◆ Dataset extract:
....

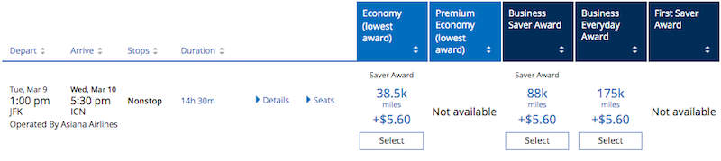 The below New York to Seoul Incheon business class ticket on Asiana used to cost 80,000 miles one-way, but the price has gone up by 10%, to 88,000 miles.
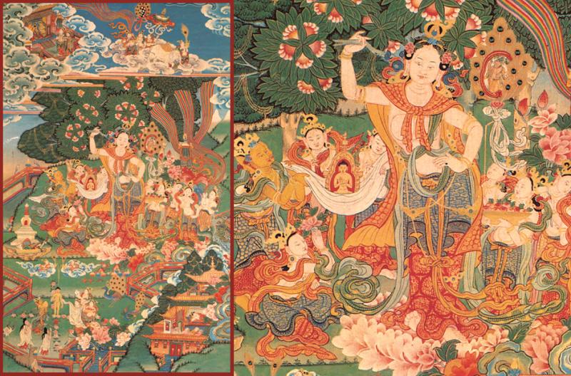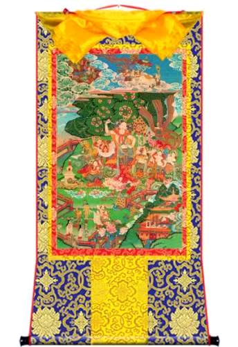 因是佛教圣相,所以我們選用的裝裱材料均是現在能有的最好的裝裱材料,正面選用定制的高檔棉織金絲錦緞很多仿制的是化纖材料,織繡藏傳佛教的富貴蓮花圖案,背面使用加厚仿真絲黃色綢緞布,手工精細裝裱而成,帶掛軸,照面,可直接懸掛到墻上。
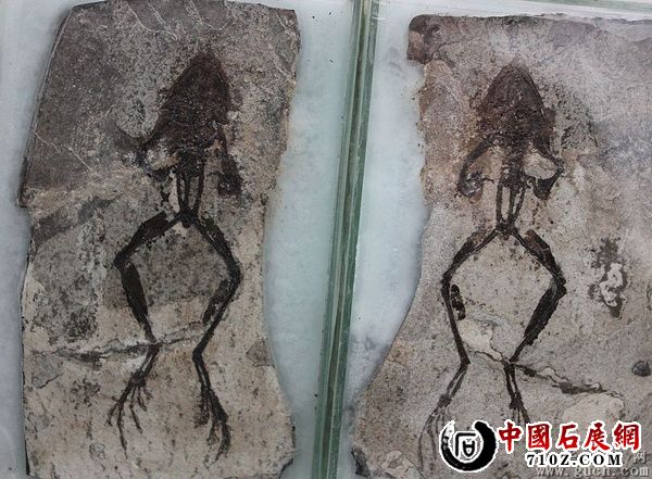 那两块化石上各有一只“青蛙”,两只“青蛙”体长6厘米,头部清晰可见,约占体长一半,其中一只青蛙左前爪和左后爪很清晰,另外一只则是右前爪和右后爪很清楚。在放大镜下,还能看到“青蛙”头部两侧各有一排整齐的梳状牙齿。
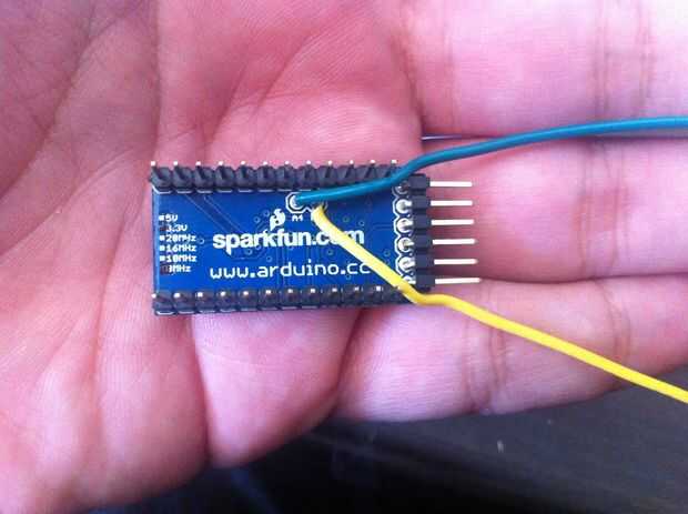 El ChronoDot utiliza las líneas I2C: A4 y A5. Arduino Pro Mini, ésos no están vinculados a las líneas de perno del estándar pero son explotados en pernos adyacentes. La foto muestra la ubicación de las líneas de la parte inferior.
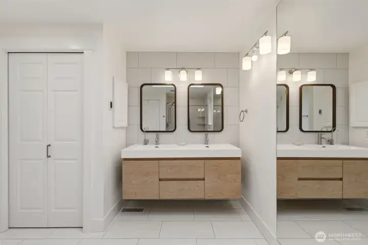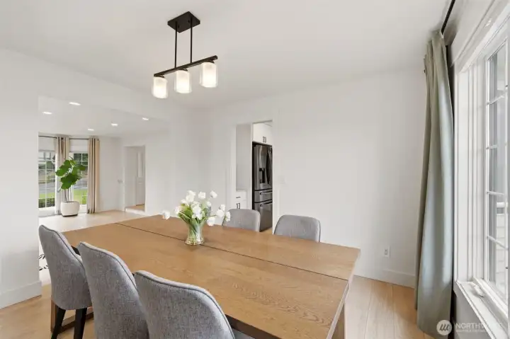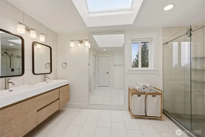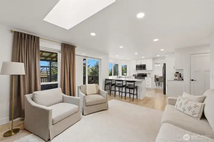 Perched in the desirable Lakeland Hills community, this beautifully reimagined residence offers refined living with sweeping, unobstructed views and exceptional attention to detail throughout. Fully remodeled with a modern aesthetic, the home effortlessly blends sophistication, comfort, and flexibility. The main level features 3 bedrooms and 2.5 bathrooms, complemented by spa-inspired bathrooms with heated tile floors for a touch of everyday luxury. Primary bedroom has an additional room attached for convenience of office space, nursery, or reading nook. Every space has been thoughtfully updated, creating a cohesive, fresh, and contemporary feel. Downstairs, you’ll find two additional bedrooms, a spacious living area, a full kitchen, laundry room, and ample closet space—perfect for multi-generational living, guests, or rental potential. Enjoy year-round comfort with a new heat pump and furnace installed recently plus a water heater replaced only a year ago. Outside, a built-in sprinkler system keeps both the garden and front landscaping lush and vibrant with ease. Spacious garage with EV charger. Located in a highly sought- after school district, this home combines convenience with long-term value. Near parks, trails and shops. Sophisticated, turnkey, and designed for modern living—this Lakeland Hills residence is a rare opportunity to enjoy elevated comfort with breathtaking views.
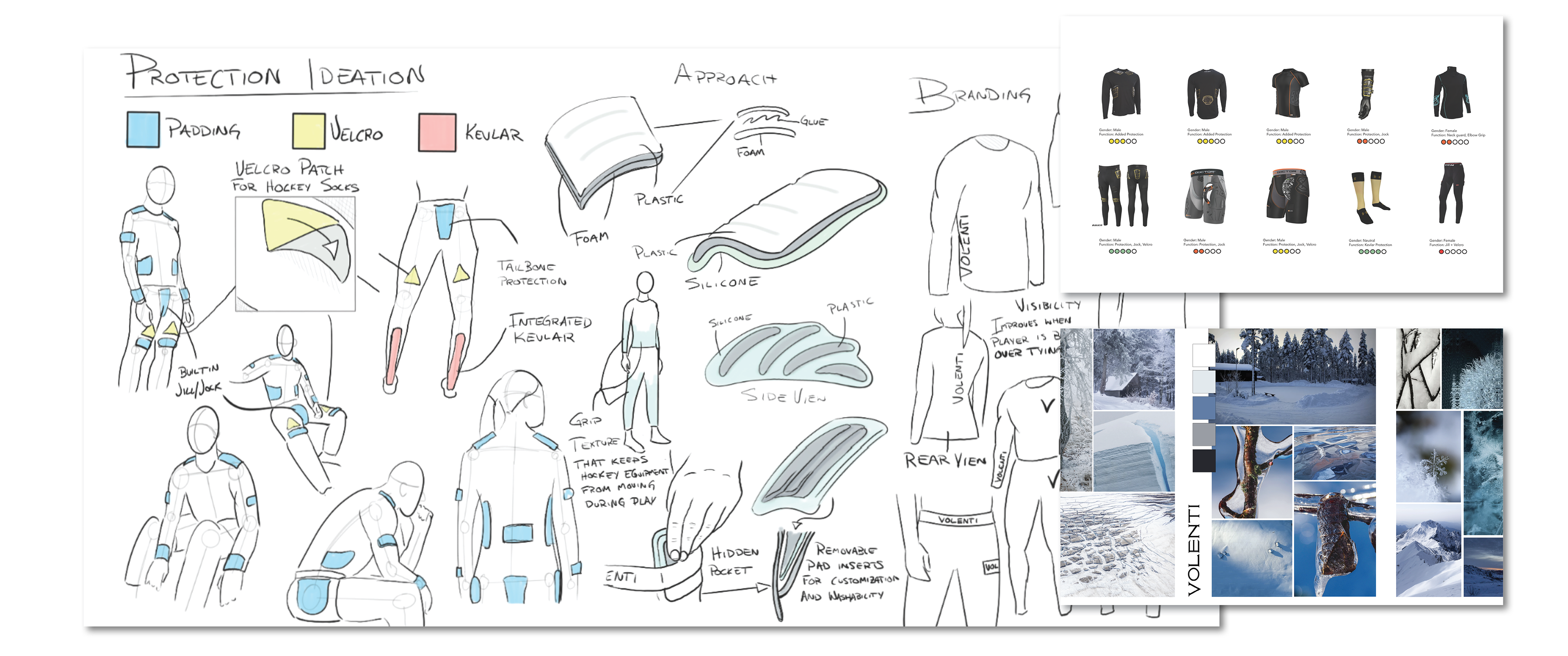 Currently, there are ice hockey brands who have attempted to create base layer apparel with extra padding but most are for the male gender. The majority of the products are not designed to withstand being laundered and tend ti easily deteriorate over time. This product line aims to design an inclusive apparel line that protects the player, is durable, can be machine washed while being aesthetically inspired by the cold hues in nature during the winter months.
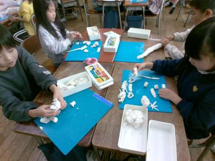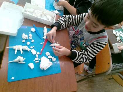 図画工作では、粘土で散歩をしている自分を造りました。いろいろな動物や恐竜など、様々な動物と散歩をする様子をイメージしながら、楽しそうに活動していました。
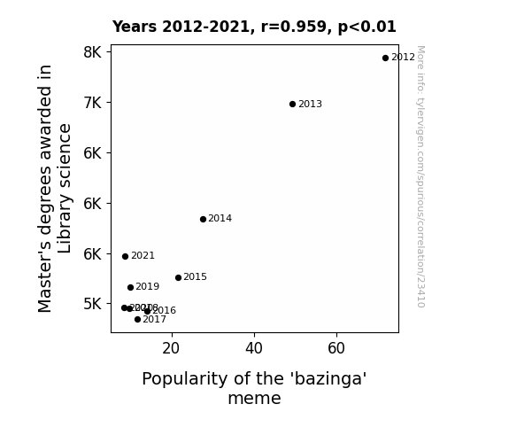 This means 92% of the change in the one variable (i.e., Popularity of the 'bazinga' meme) is predictable based on the change in the other (i.e., Master's degrees awarded in Library science) over the 10 years from 2012 through 2021.
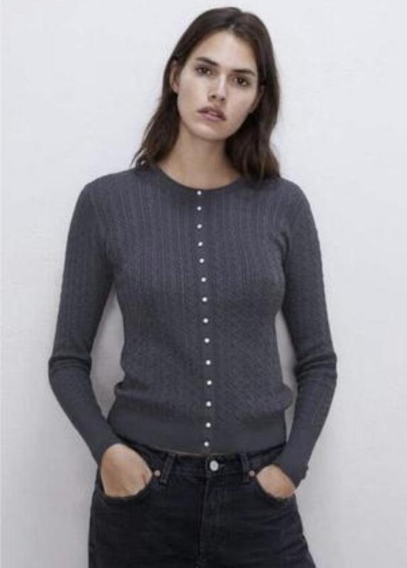 🌿серый фактурный свитер от Zara с красивыми пуговицами, красиво тянется Размер:S Замеры:ПО груди 38 см, длина 46 см, рукав от горловины 64 см

....

◆ Instructions to follow: Write out, exactly, the lines of the material from the very first through the line containing "El ChronoDot utiliza", and leave out every picture.

◆ Exercise result:
 The below New York to Seoul Incheon business class ticket on Asiana used to cost 80,000 miles one-way, but the price has gone up by 10%, to 88,000 miles.
 因是佛教圣相,所以我們選用的裝裱材料均是現在能有的最好的裝裱材料,正面選用定制的高檔棉織金絲錦緞很多仿制的是化纖材料,織繡藏傳佛教的富貴蓮花圖案,背面使用加厚仿真絲黃色綢緞布,手工精細裝裱而成,帶掛軸,照面,可直接懸掛到墻上。
 那两块化石上各有一只“青蛙”,两只“青蛙”体长6厘米,头部清晰可见,约占体长一半,其中一只青蛙左前爪和左后爪很清晰,另外一只则是右前爪和右后爪很清楚。在放大镜下,还能看到“青蛙”头部两侧各有一排整齐的梳状牙齿。
 El ChronoDot utiliza las líneas I2C: A4 y A5. Arduino Pro Mini, ésos no están vinculados a las líneas de perno del estándar pero son explotados en pernos adyacentes. La foto muestra la ubicación de las líneas de la parte inferior.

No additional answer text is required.